In the end it comes back to whether Mr. Butcher was negligent in starting his turn when he could see 110 metres along the road. In the course of cross-examination Mr. Butcher agreed that the further along the road you go the better the view round the bend. During a later reconstruction he was asked to place the tractor in the position at which he had started to make the turn and a photograph was taken of the view from the cab at that point. Mr. Butcher said that he also would not normally want to turn from that point. Mr. Davis naturally laid some emphasis on that evidence, but reading Mr. Butcher’s evidence as a whole it does not seem to me to go much beyond accepting what I have already described as the counsel of perfection. It is interesting to note that he also said that even when Mr. Goad came into sight he thought that the trailer would be clear of the road before the motorcycle reached him (as indeed it almost was).
In Clayton v Lambert [2009] EWCA Civ 237, [2010] R.T.R. 3, another case in which a motorcycle ridden at high speed collided with a vehicle turning right across its path, this court emphasised that one cannot infer negligence from the mere fact that an accident occurred and that judges must take care not to hold a motorist liable in negligence just because the accident might have been avoided if a different decision had been taken. In that case the court held that if the motorcyclist had been driving at a proper speed and had reacted correctly the accident could easily have been avoided.
In the end I have come to the conclusion that 110 metres visibility was sufficient on what was a bright summer’s day with a dry road and that Mr. Butcher was not negligent in failing to foresee that Mr. Goad might be travelling at a speed so far in excess of the limit on the outskirts of the village that he would be unable to control his machine and avoid a collision once the tractor and trailer came into view. In my view the judge was entitled on the evidence to hold that the accident was solely caused by Mr. Goad’s excessive speed. I would therefore dismiss the appeal.
Lord Justice Jackson:
I gratefully adopt Moore-Bick LJ’s summary of the facts, but I have the misfortune to differ from my lords as to the outcome of this appeal.
The Highway Code, in the form it was in June 2006, gave the following guidance in relation to turning right:
“155. Well before you turn right you should
• Use your mirrors to make sure you know the position and movement of traffic behind you
• Give a right-turn signal
• Take up a position just left of the middle of the road or in the space marked for traffic turning right
• Leave room for other vehicles to pass on the left, if possible.

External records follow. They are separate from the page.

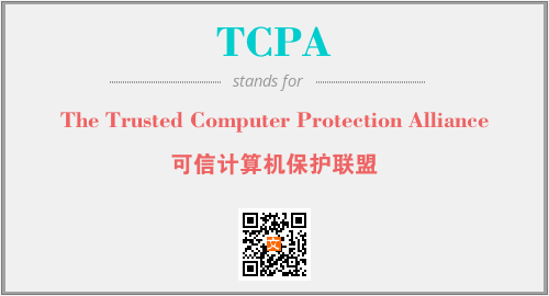 英文缩略词“TCPA”经常作为“The Trusted Computer Protection Alliance”的英文缩写来使用,中文表示:“可信计算机保护联盟”。本文将详细介绍英文缩写词TCPA所代表英文单词,其对应的中文拼音、详细解释以及在英语中的流行度。此外,还有关于缩略词TCPA的分类、应用领域及相关应用示例等。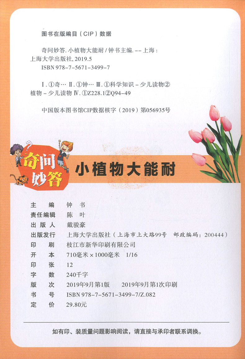 全新儿童百科奇问妙答 小植物大能耐 脑洞大开的问题 意想不到的答案 问答竞赛妙趣横生 儿童读物植物科学知识大全 上海大学出版社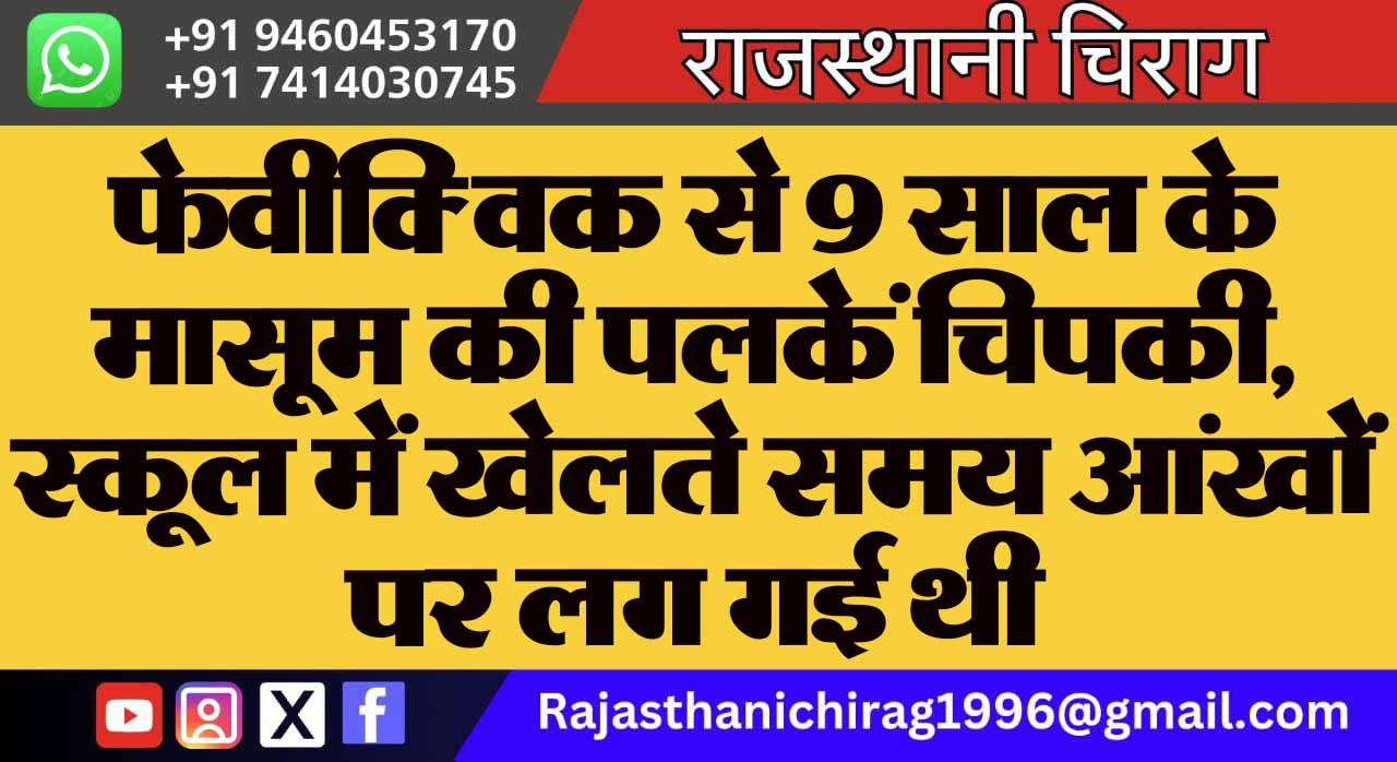 फेवीक्विक से 9 साल के मासूम की पलकें चिपकी, स्कूल में खेलते समय आंखों पर लग गई थी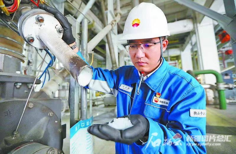 7月26日,中国石油独山子石化公司干部张永海正在检查茂金属树脂产品外观质量。该公司是国内唯一实现茂金属聚乙烯薄膜专用料系列化生产的企业,打破国外高端进口产品垄断。李秦摄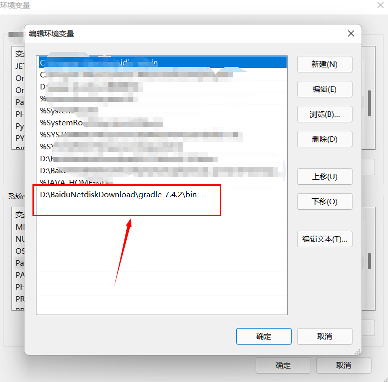 变量值:D:\BaiduNetdiskDownload\gradle-7.4.2

• Position your vehicle correctly to avoid obstructing traffic
156. Wait until there is a safe gap between you and any oncoming vehicle. Watch out for cyclists, motorcyclists and pedestrians. Check your mirrors and blind spot again to make sure you are not being overtaken, then make the turn. Do not cut the corner.”
By cutting the corner, the defendant was in breach of paragraph 156 of the Highway Code. I do not regard this as a red herring.
S. 38 (7) of the road Traffic Act 1988 provides:
“A failure on the part of a person to observe a provision of the Highway Code shall not of itself render that person liable to criminal proceedings of any kind but any such failure may in any proceedings (whether civil or criminal, and including proceedings for an offence under the Traffic Acts, the Public Passenger Vehicle Act 1981 or sections 18 to 23 of the Transport Act 1985) be relied upon by any party to the proceedings as tending to establish or negative any liability which is in question in those proceedings.”
A breach of the Highway Code does not give rise to a presumption of negligence or constitute a breach of statutory duty. It is, however, a relevant circumstance, which the court should take into account when determining whether the driver was negligent: see Powell v Phillips [1972] 3 All ER 864.
In this case the defendant was driving a tractor at 4 miles per hour and towing a trailer. He was turning right from a main road into a side road. The main road curved away to the left immediately after the junction. I do not regard it as a counsel of perfection to say that the defendant should have positioned his tractor correctly before starting to make the turn. Because of the dangers inherent in this manoeuvre, the defendant ought not to have cut the corner. He ought to have ensured that oncoming traffic would have the best possible view of his tractor, before he started to turn right. In other words, I accept the submission of Mr Davis on this issue.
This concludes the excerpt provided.